Pierre-Louis Panet (August 1, 1761 - December 2, 1812) was a Canadian lawyer, notary, seigneur, judge and political figure in Lower Canada.

He was born in Montreal in 1761, the son of Pierre Panet, a lawyer. Panet qualified to practice as a lawyer in 1779 and as a notary in 1780. He practiced as a notary at Montreal from 1781 to 1783 and at Quebec City from 1783 to 1785. In 1781, he purchased the seigneury of Argenteuil. In 1783, he was named French language clerk for the Court of Common Pleas in Quebec district. In 1785, he was appointed clerk in the Prerogative Court. Panet was elected to the Legislative Assembly of Lower Canada for Cornwallis in 1792 and was elected in Montreal East in 1800. In 1794, he was named clerk for the Court of King's Bench in Quebec District.

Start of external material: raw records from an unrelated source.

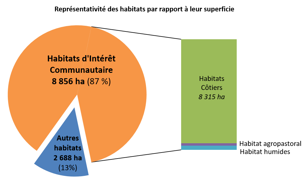 Le périmètre du site est composé à 87% d'habitats d'intérêt communautaire, ce qui illustre bien la richesse écologique du site. Les autres habitats sont pour la plupart des zones anthropiques telles que les routes, zones bâties, friches, etc.
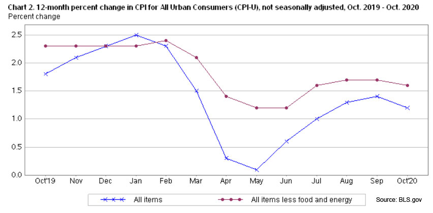 The Consumer Price Index for All Urban Consumers (CPI-U) was unchanged in October on a seasonally-adjusted basis, the U.S. Bureau of Labor Statistics reported today. Over the last 12 months, the all-items index increased 1.2%. Both of those numbers fell below the consensus estimates of 0.2% for the month and 1.3% for the year.
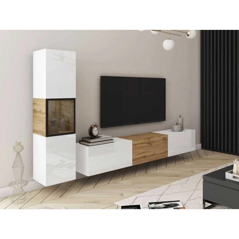 Obývací stěna HEXIO - bílá / bílá lesklá / dub wotan

He was named judge in the same court for Montreal district in 1795. He sold his property at Argenteuil in 1800 and bought the seigneuries of Ailleboust and Ramezay. In 1801, Panet became an honorary member of the Executive Council serving as judge and executive councillor until his death.

He died of a stroke at Montreal in 1812 was entombed at the Notre Dame des Neiges Cemetery in Montreal.

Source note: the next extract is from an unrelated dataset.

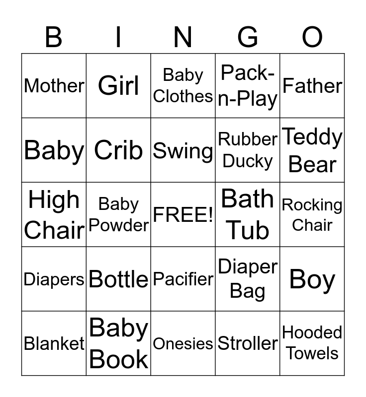 This bingo card has a free space and 24 words: Bottle, Baby Book, Swing, Blanket, Father, Mother, Baby, Girl, Bath Tub, Pacifier, Rubber Ducky, High Chair, Diaper Bag, Boy, Crib, Stroller, Rocking Chair, Baby Clothes, Teddy Bear, Baby Powder, Hooded Towels, Diapers, Pack-n-Play and Onesies.

In 1781, he married Marie-Anne, the daughter of Jean-Gabriel Cerré. His brother Bonaventure also served in the legislative assembly. His cousin, Jean-Antoine Panet, served as speaker of the assembly. His daughter Charlotte-Mélanie Panet (1794–1872) and her husband, Marc-Antoine-Louis Lévesque (1782–1833), were instrumental in the formation of Sainte-Mélanie, a town within the Ailleboust Seignory.

His daughter married Upper and Lower Canada politician William Bent Berczy.